3
\$\begingroup\$

I think the only big improvement that can be made is to check which shard to query based on the userIds of the followed users. One easy way is to check the last number of each userId (0,1,2,3,4,5,6,7,8,9) and then find which shard I need to query if I have 10.

Besides that is there anything wrong?

I am wondering if it makes sense to call the shards in a for loop, or there's a way to call it once and let it get handled by a library.

const express = require('express');
const mysql = require('mysql2/promise');

const app = express();
const port = 3000;

// Replace with your actual database connection details
const shardConfigs = [
  {
    host: 'shard1_host',
    user: 'shard1_user',
    password: 'shard1_password',
    database: 'shard1_database',
  },
  {
    host: 'shard2_host',
    user: 'shard2_user',
    password: 'shard2_password',
    database: 'shard2_database',
  },
  // Add configurations for other shards as needed
];

// Create connections for each shard
const shardConnections = shardConfigs.map(config => mysql.createConnection(config));

app.get('/user/feed/:userId', async (req, res) => {
  try {
    const userId = req.params.userId;

    // Step 1: Identify Sharded Database Shard (Hash-based Strategy)
    const selectedShardIndex = userId % shardConfigs.length;
    const selectedShardConnection = shardConnections[selectedShardIndex];

    // Step 2: Query User's Followings
    const followingQuery = 'SELECT followed_user_id FROM followers WHERE follower_user_id = ?';
    const [followingRows] = await selectedShardConnection.execute(followingQuery, [userId]);
    const followingUsers = followingRows.map(row => row.followed_user_id);

    // Step 3: Retrieve Tweets from Followed Users
    const tweets = [];
    for (const shardConnection of shardConnections) {
      const tweetsQuery = 'SELECT * FROM tweets WHERE user_id IN (?) ORDER BY timestamp DESC';
      const [shardTweets] = await shardConnection.execute(tweetsQuery, [followingUsers]);
      tweets.push(...shardTweets);
    }

    // Step 4: Sort and Combine Tweets
    const combinedTweets = tweets.sort((a, b) => b.timestamp - a.timestamp);

    // Step 5: Limit and Paginate
    // Add logic here to limit the number of tweets returned, implement pagination if needed

    // Step 6: Return the Feed to the User Interface
    const feedData = combinedTweets.map(tweet => ({
      tweet_id: tweet.tweet_id,
      user_id: tweet.user_id,
      content: tweet.content,
    }));

    res.json({ feed: feedData });
  } catch (error) {
    console.error(error);
    res.status(500).json({ error: 'Internal Server Error' });
  }
});

app.listen(port, () => {
  console.log(`Server is running at http://localhost:${port}`);
});
\$\endgroup\$

1 Answer 1

3
\$\begingroup\$

You're using mysql.createConnection(config) inside a map function which is synchronous while mysql.createConnection is asynchronous and returns a Promise thus you might end up with a Promise object instead of a connection object in shardConnections.

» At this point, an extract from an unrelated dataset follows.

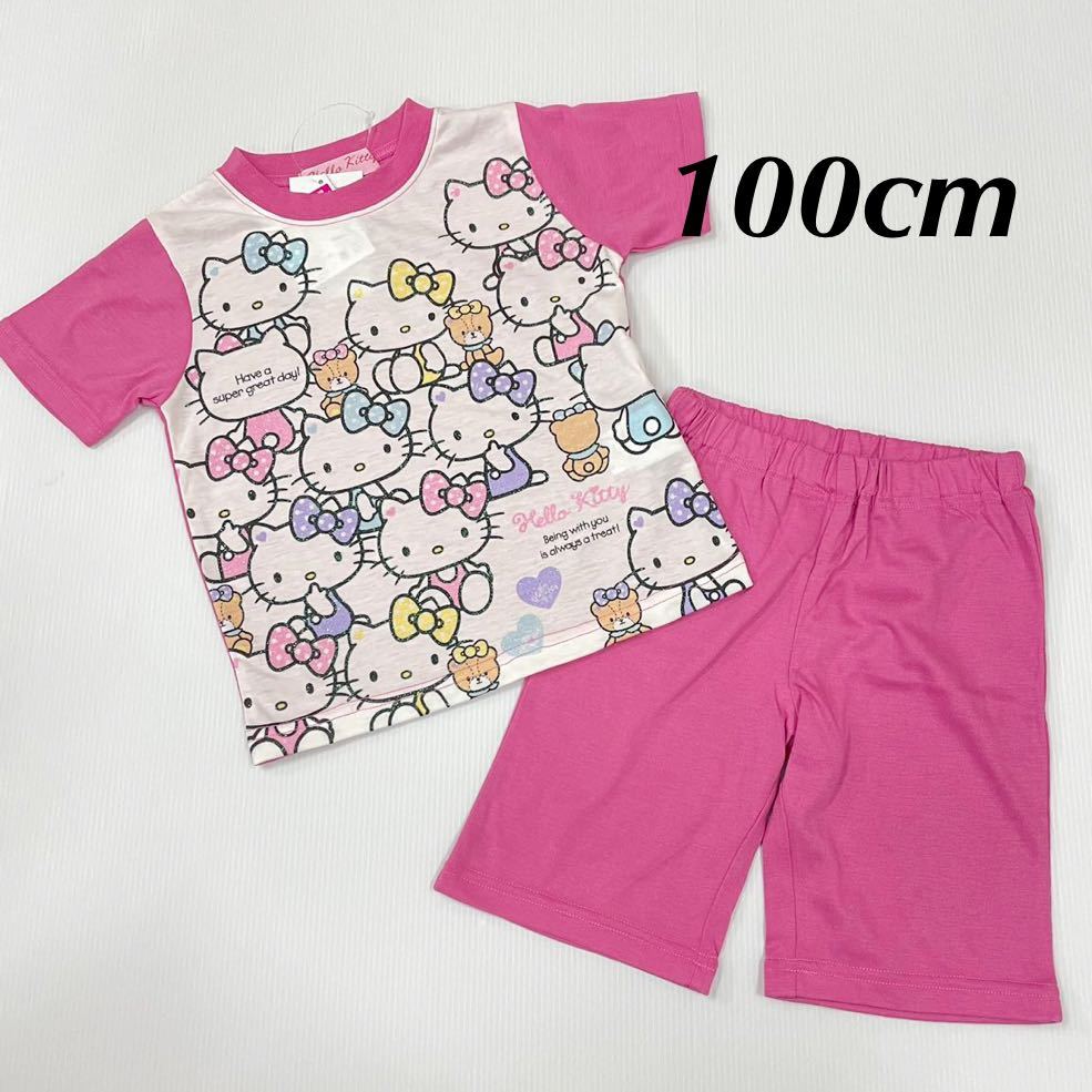 - 新品17759 ハローキティ キティいっぱい 100cm ピンク 半袖パジャマ 上下セット 女の子 キッズ サンリオ 夏パジャマ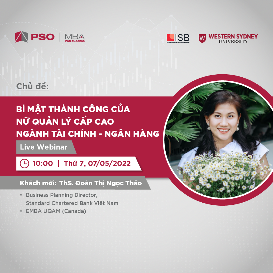 MBA For Success số 19 tiếp tục chào đón một nữ quản lý cấp cao là chuyên gia trong lĩnh vực Tài chính - Ngân hàng - ThS. Đoàn Thị Ngọc Thảo (Jessie) - Giám đốc Hoạch Định Kinh Doanh, Văn phòng Tổng Giám Đốc, Ngân hàng Standard Chartered Bank Việt Nam (Director, Business Planning - CEO office, Standard Chartered Bank Việt Nam). Trong 15 gắn bó với lĩnh vực ngân hàng, chị Ngọc Thảo có hơn 3 năm rời Standard Chartered để đồng hành cùng BNP Paribas ở vị trí Vice President - Senior Relationship Manager, MNC, Giám Đốc Quản Lý Khách Hàng Doanh Nghiệp Đa Quốc Gia giai đoạn 2018 - 2022. Đến đầu 2022, chị quay lại Standard Chartered Bank Việt Nam và đảm nhiệm vị trí Giám Đốc Hoạch Định Chiến Lược Kinh Doanh, văn phòng Tổng Giám Đốc tại ngân hàng Standard Chartered Bank Việt Nam (Director, Business Planning - CEO Office). Đây là một vị trí chiến lược, yêu cầu có kiến thức toàn diện trong lĩnh vực tài chính ngân hàng và là cánh tay phải kề cận với Tổng Giám Đốc.

You should await these connections inside an async function before starting your server.

async function initShardConnections() {
  for (let i = 0; i < shardConfigs.length; i++) {
    shardConnections[i] = await mysql.createConnection(shardConfigs[i]);
  }
}

// Call this function before starting your server
initShardConnections().then(() => {
  app.listen(port, () => {
    console.log(`Server is running at http://localhost:${port}`);
  });
});

Querying each shard in a loop is not the best way, as it does not utilize the potential for parallel queries. A better approach is to initiate all shard queries simultaneously using Promise.all and then combine the results thus your queries will run in parallel, reducing the overall response time.

const tweetPromises = shardConnections.map(shardConnection =>
  shardConnection.execute(tweetsQuery, [followingUsers])
);
const results = await Promise.all(tweetPromises);
const tweets = results.flatMap(result => result[0]);
\$\endgroup\$